-
Notifications
You must be signed in to change notification settings - Fork 780
Description
When starting a set of validators using gaia v9, built with the race detector, and inside linux/amd64 Docker containers, I was seeing an intermittent but somewhat frequent data race. The top of the stack looked like this:
WARNING: DATA RACE
Write at 0x00c00029d9c8 by goroutine 67:
github.com/tendermint/tendermint/consensus.(*State).reconstructLastCommit()
github.com/tendermint/tendermint@v0.34.26/consensus/state.go:577 +0xb7
github.com/tendermint/tendermint/consensus.(*Reactor).SwitchToConsensus()
github.com/tendermint/tendermint@v0.34.26/consensus/reactor.go:113 +0xd7
github.com/tendermint/tendermint/blockchain/v0.(*BlockchainReactor).poolRoutine()
github.com/tendermint/tendermint@v0.34.26/blockchain/v0/reactor.go:324 +0x1a73
github.com/tendermint/tendermint/blockchain/v0.(*BlockchainReactor).OnStart.func1()
github.com/tendermint/tendermint@v0.34.26/blockchain/v0/reactor.go:112 +0x3b
Previous read at 0x00c00029d9c8 by goroutine 70:
runtime.racereadrange()
<autogenerated>:1 +0x1b
github.com/tendermint/tendermint/consensus.(*Reactor).updateRoundStateRoutine()
github.com/tendermint/tendermint@v0.34.26/consensus/reactor.go:546 +0x149
github.com/tendermint/tendermint/consensus.(*Reactor).OnStart.func2()

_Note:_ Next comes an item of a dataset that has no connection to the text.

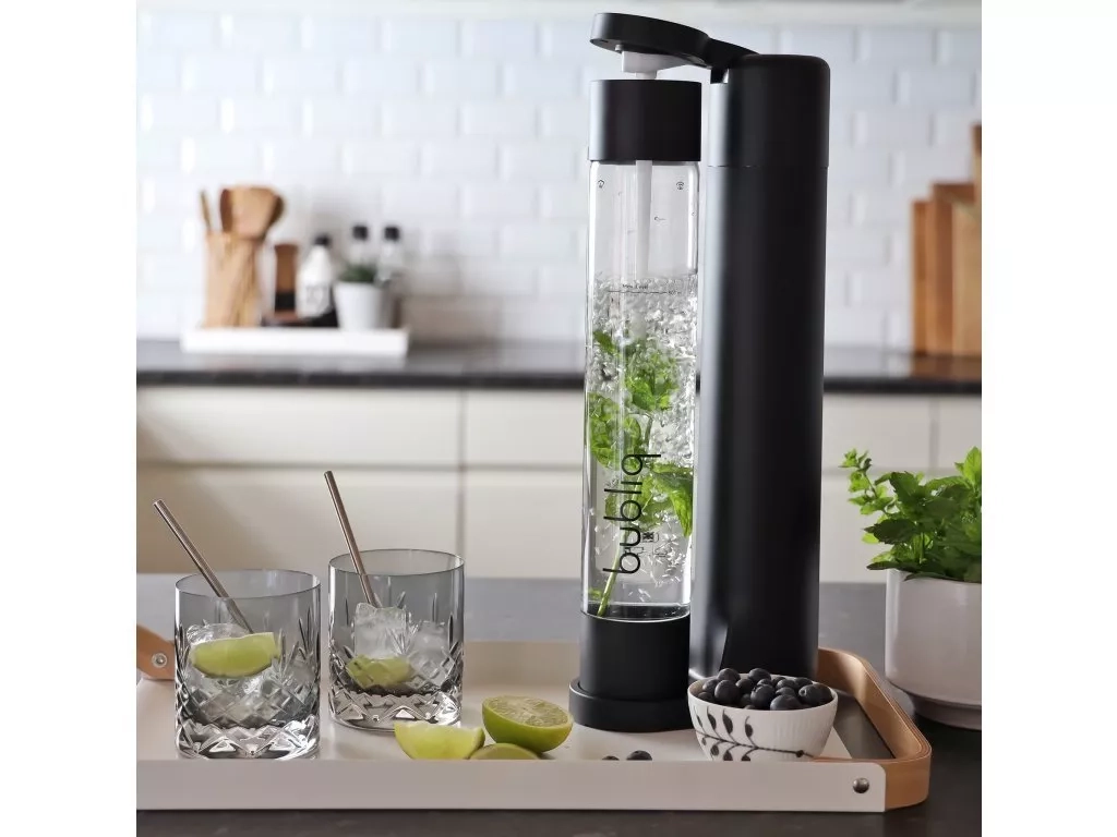 Vytvořte perlivou vodu, šumivé víno nebo třeba limonádu s čerstvým ovocem či zeleninou. S výrobníkem sody Bubliq to zvládnete z pohodlí vašeho domova, aniž byste museli kupovat balenou perlivou vodu. Výrobník sody Bubliq vyniká svým elegantním designem, díky kterému se bude perfektně vyjímat na vaší kuchyňské lince. Zásluhou kompaktních rozměrů přitom nezabere příliš mnoho místa. Navíc je kompatibilní s náhradními bombičkami všech značek. Dostupný v elegantní černé matné, nadčasové stříbrné nebo moderní měděné barvě. Dodáváno s originální náhradní bombička CO2 Bubliq s obsahem 425 g (60L).

github.com/tendermint/tendermint@v0.34.26/consensus/reactor.go:82 +0x39
Version details are:
- gaia v9.0.0
- cosmos-sdk@v0.45.13-ics
- tendermint v0.34.26
The setup for starting the testnet in this configuration is a bit complicated, but luckily we saw a seemingly identical data race during CI on the Cosmos SDK: https://github.com/cosmos/cosmos-sdk/actions/runs/4295303107/jobs/7485538761#step:6:41
So then I attempted to reproduce that failure. It took more runs than I expected, but I have been able to reproduce it on a Linux docker image. It might reproduce on an M1 Mac, but I didn't see a repro within a few dozen runs. The Linux session looked like this:
$ docker run --rm -it golang:1.19
root@b33bddfadfe0:/go# git clone --depth=1 -b v0.45.15-rc.0 https://github.com/cosmos/cosmos-sdk
root@b33bddfadfe0:/go# cd cosmos-sdk/testutil/network/
root@b33bddfadfe0:/go/cosmos-sdk/testutil/network# echo 'package network_test
import (
"testing"
"github.com/cosmos/cosmos-sdk/testutil/network"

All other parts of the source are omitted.